One New Testament Commentary
Now, let me mention one more, even though it’s only on the New Testament. But it is on every verse in the New Testament, and I consult this commentary several times every week, virtually without fail. It’s by Robert Gundry, who is still alive as I speak, and the title is Commentary on the New Testament: Verse-by-Verse Explanations with a Literal Translation. Now, truth in advertising: I have had serious disagreements with Dr. Gundry on several important matters over the years, and I never thought I would be recommending a whole-Bible commentary by him, but frankly, I find this commentary so useful that I would be a hypocrite, I think, not to recommend it.

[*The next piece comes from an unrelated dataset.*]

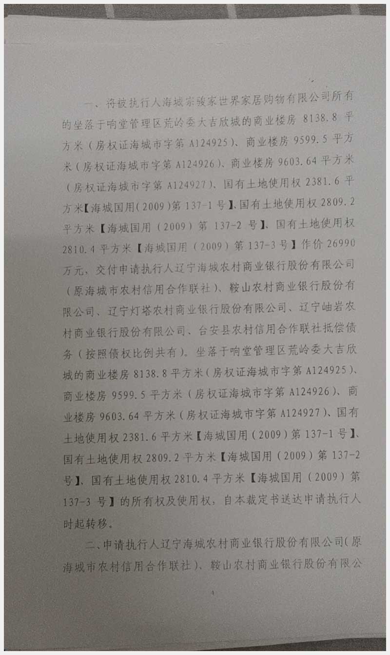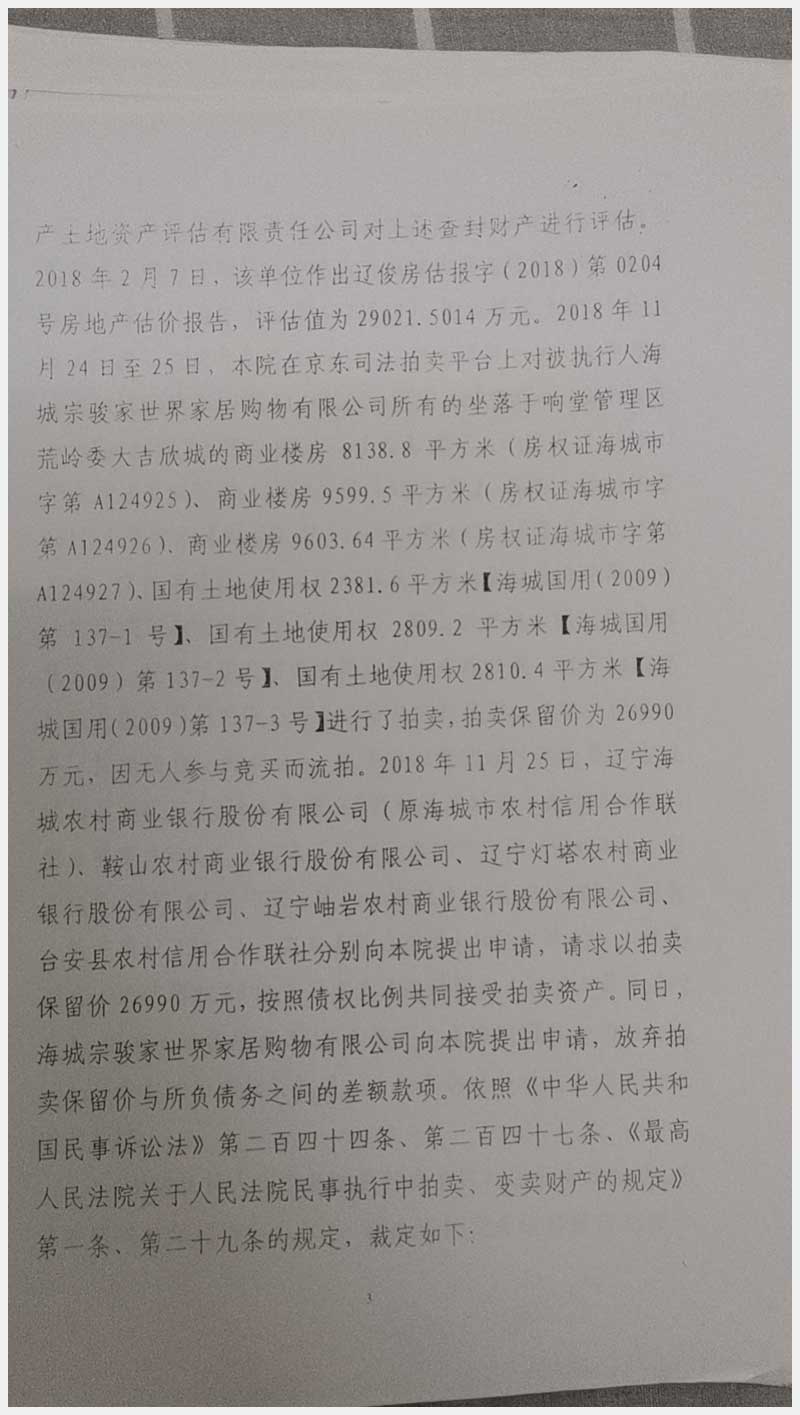 135號 海城宗駿家世界所屬的位于海城市響堂管理區荒嶺委大吉欣城商業樓房及國有土地使用權

In April of 2020, I wrote to Dr. Gundry. I hardly ever do this, but I was finding so much regular help that this is what I wrote:
Dear Dr. Gundry, notwithstanding any disagreements that we may have had in the past, I wanted to encourage you and thank God for your one-volume commentary on the New Testament. I am finding it both exegetically illuminating and spiritually refreshing, largely because of your disciplined, unashamed, assiduous attention to the details of the very text with straightforward explanations. This is less common among commentaries than it should be — and among preachers — so be encouraged and rejoice in the Lord that your labors are not in vain.
With thankfulness and admiration,
John Piper
So, there they are — four fallible commentaries recommended by one fallible podcaster. Test all things; hold fast to what is good according to Scripture. And may your love for the Scriptures and your obedience to them grow because of your study.